White Bean and Garlic Soup
We’re on the food tour of Italy today. Half way down the coast is Tuscany where food is
often rustic. I make this Tuscan soup with plenty of cannellini beans and fresh garlic. At
the end, I puree it and add a little bit of cream to make my Tuscan white bean and garlic
soup rich and satisfying.
Tuscany is located between the coast and the mountains. So for my white bean soup, I’m
going to use both olive oil and butter. So, we’re going to use a little bit of olive oil and a
little bit of butter, just like that. As soon as this melts, we’re going to start with the
cannellini beans. The beans are one of my favorite ingredients. I toast them on the salads,
I make purees out of them, I stew them, I put them in meat sauces—really anything at all.
I’m going to start by just peeling my shallots here and shallots are very similar to onions,
they’re just a little sweeter, so I love them. They don’t over power the soup. And Tuscan
is known for a lots and lots of soups and they use a lot of beans in there food. So, this is
very traditional, alright add a little bit of salt just to bring out the natural moisture in the
shallots. Give it a quick little stir here. These are really quick soup and it’s great because
you can make it on a weekend and keep it all week long. It’s super comforting, filling
with lots of lots of flavor.
I’m making this a lot easier on myself by using canned cannellini beans. The trick is you
have to drain and rinsed them off, but you know what? They’re so easy to use, it cuts
down a lot of time and they’re really good. So I’m going to add two cans of cannellini
beans. I’ve already drained and rinsed them. Now, I’m going to add a little bit sage. The
sage leaf—it’s a very robust flavor. It’s a very hearty herb. If you want to make sure and
use it in these kinds of dishes, a very, heavier, part of your dish rather than something
that’s really subtle, but one is enough.
And four cups of chicken stock. Now, you could use vegetable stock, but the chicken
stock gives it more body. It gives it a rich flavor. I just want to use low sodium chicken
stock that way your soup doesn’t become too salty. So, we’re going to add a little bit of
garlic here, four cloves actually and because I’m not going to actually chop them up, it
will sort of give of a little bit of a hint of garlic in the background of the soup but it won’t
over power the soup. And the thing about Tuscany that I love is that they cook with lots
of butter and cream and cheese. It’s nice rich, comforting food which is different. If you
go south where they use lots of tomatoes and olive oil. I’m just going to cut them in half,
here we go and they’re just sort of kind of poach in the liquid, just like that.
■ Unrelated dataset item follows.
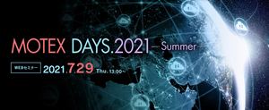 名称:MOTEXDAYS.2021 -Summer- 日時:2021年7月29日(木)13:30~(13:00開場) 開催場所:WEBセミナー 申込締切:2021年7月29日(木)16:20 参加費用:無料(事前登録制) 参加条件:同業他社さま、リクルーティング、勧誘など、採用目的での参加をご遠慮頂いております。 お問い合わせ:株式会社マイナビ ニュースメディア事業部 マイナビニュースセミナー運営事務局 eメールアドレス: mj-event@mynavi.jp
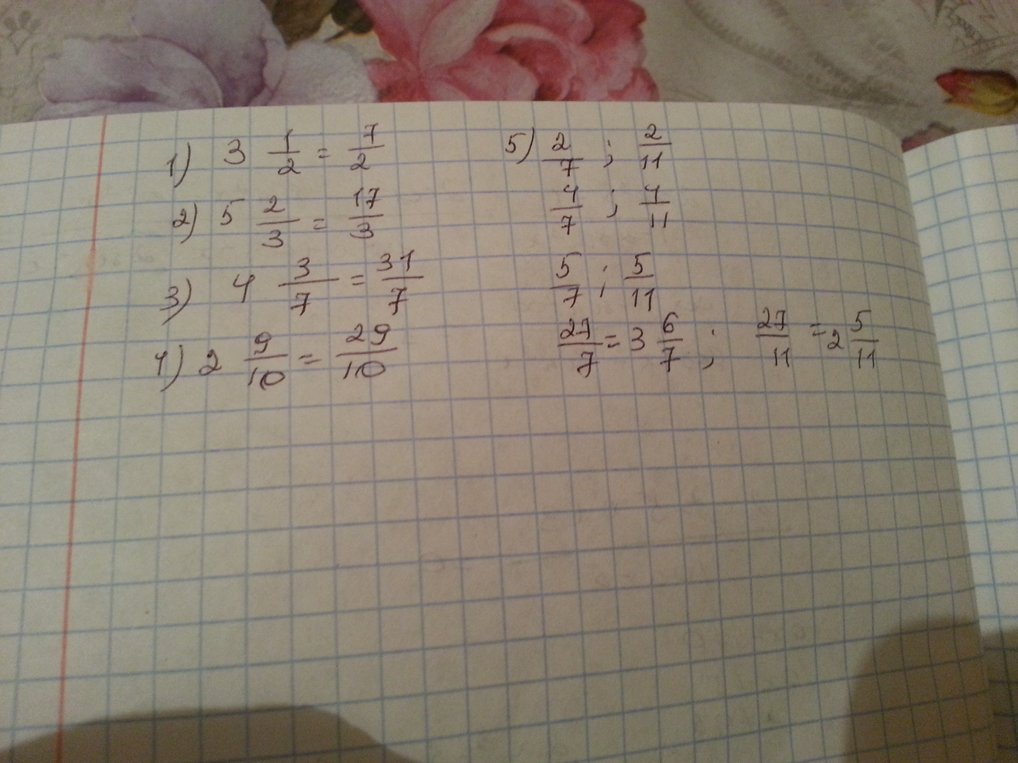 а) 3 целых одна вторая; 5 целых две третьих; 4 целых три седьмых; 2 целых девять десятых.

We’re going to add a little more salt. This is going to simmer for 10 minutes and in the
meantime, I’m going to grill my Ciabatta.
My Ciabatta is nicely toasted and that little bit of olive oil gives a nice golden color. I
just love that smoky flavor and the crunch with the creamy soup. It is really good. So
now, let’s see. This has been cooking, it looks good. I’m ready to puree it. So I’m just
going to take my emergent blender and just stick inside and blend the soup. You can use
a blender if you don’t have one of this handy gadget. Just be careful and don’t fill to the
top because it’s hot liquid. Okay, perfect. It’s nice and pureed. Now it’s to add a little
cream. I’m going to use half a cup of cream. It just going to make it nice and silky, nice
and creamy and that velvety texture I was telling about that I really love, we’ll just add it
right at the end. You don’t really want to cook it, just the heat will slowly warm the
cream.
Now we’ll add a little bit freshly ground black pepper right over the top just for a little
bit. Just a little bit of a kick here, the pepper. Now, time to taste it. I got my bowl and
little some in there. You think this was going to be a thick soup, but it’s not.
It’s so comforting. Now, to finish it all, off I take a piece of my ciabatta. I dip it inside,
you see just like that and I bite it. They’re crunchy ciabatta, soaked up, all the flavors in
the soup. It is perfection. It’s a perfect reminder for Tuscany actually.